Reporting and Dashboard Creation
1. Import Necessary Libraries
Ensure you have the following libraries loaded. They are necessary for creating reports and dashboards in Google Colab.
import pandas as pd
import numpy as np
import matplotlib.pyplot as plt
import seaborn as sns
from plotly import express as px
import plotly.graph_objects as go
from dash import Dash, html, dcc
2. Example Data Import
Assuming the HR dataset has been preprocessed, let's load the cleaned dataset.
app = Dash(__name__)
app.layout = html.Div(children=[
html.H1(children='HR Data Dashboard'),
dcc.Graph(
id='example-graph',
figure=px.histogram(df, x='YearsAtCompany', title='Employees by Years At Company')
),
dcc.Graph(
id='attrition-rate',
figure=px.pie(df, names='Attrition', title='Attrition Rate')
),
dcc.Graph(
id='dept-distribution',
figure=px.bar(df, x='Department', y='EmployeeCount', title='Department Distribution')
)
])
if __name__ == '__main__':
app.run_server(debug=True)
5. Combining and Serving the Dashboard
Ensure the DataFrame manipulations and visualizations are cohesive and integrate them into a running dashboard.

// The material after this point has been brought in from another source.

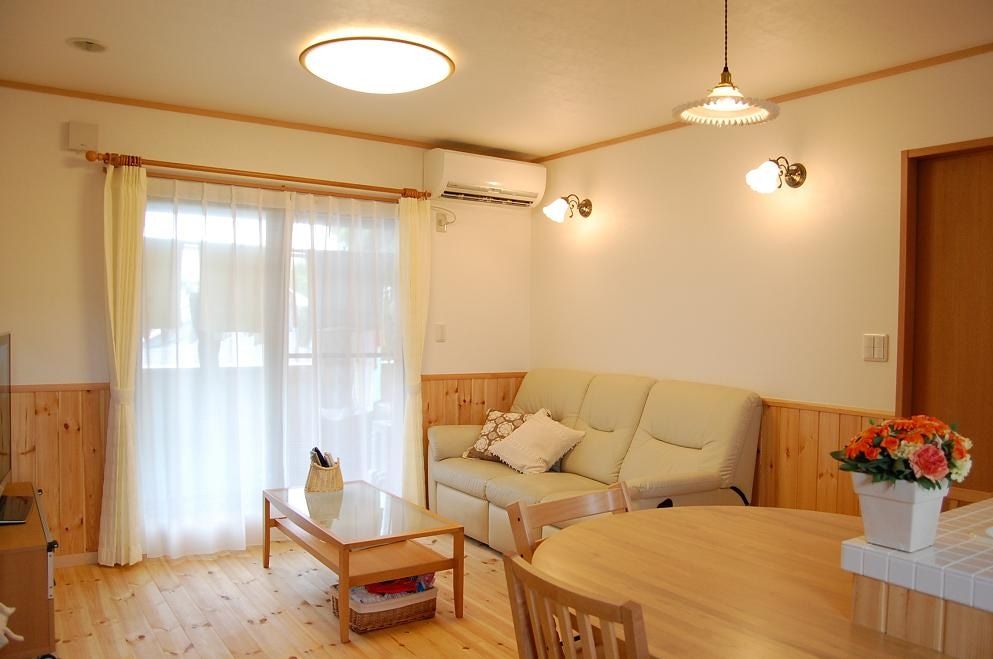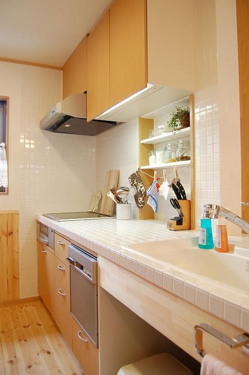 リフォーム前の自宅には8畳の部屋が2つあり、この2階部分に、新たにご家族の生活スペースを設けることが今回のリフォームの中心です。ここに、ご夫婦の寝室、家族がくつろぐLDK、洗面室、トイレ、そして将来のお子さんのお部屋を新しく設けるため、二階部分を増築してスペースを確保することになりました。全体は、奥様のお気に入りのカントリースタイルで、あたたかなイメージの空間づくりをコンセプトとしました。キッチンは奥様の大のお気に入り。真っ白なタイルが貼られた爽やかなキッチンは、システムキッチンではなく、大工さんの手仕事により完成した奥様だけの特別なキッチンです。

# Additional Graphs and Components as Needed
app.layout = html.Div(children=[
html.H1(children='HR Data Dashboard'),
dcc.Tabs([
dcc.Tab(label='Overview', children=[
html.Div([
dcc.Graph(
id='overview-bar',
figure=px.bar(df, x='JobRole', y='MonthlyIncome', title='Monthly Income by Job Role')
),
dcc.Graph(
id='overview-pie',
figure=px.pie(df, names='Gender', title='Gender Distribution')
)
])
]),
dcc.Tab(label='Attrition Analysis', children=[
html.Div([
dcc.Graph(
id='attrition-histogram',
figure=px.histogram(df, x='Age', color='Attrition', barmode='group', title='Attrition by Age')
),
dcc.Graph(
id='attrition-dept',
figure=px.bar(df, x='Department', y='AttritionRate', title='Attrition Rate by Department')
)
])
]),
# Additional tabs can be defined here
])
])
if __name__ == '__main__':
app.run_server(debug=True, port=8050)
Additional Sections
You can expand with more plots and computations as needed and add them to the dashboard layout.
With this implementation, you should be able to run an interactive HR report and visualization dashboard directly in Google Colab or any local environment supporting Plotly and Dash. The provided code snippets cover fundamental aspects of reporting and dashboard creation from loading data to rendering interactive graphs.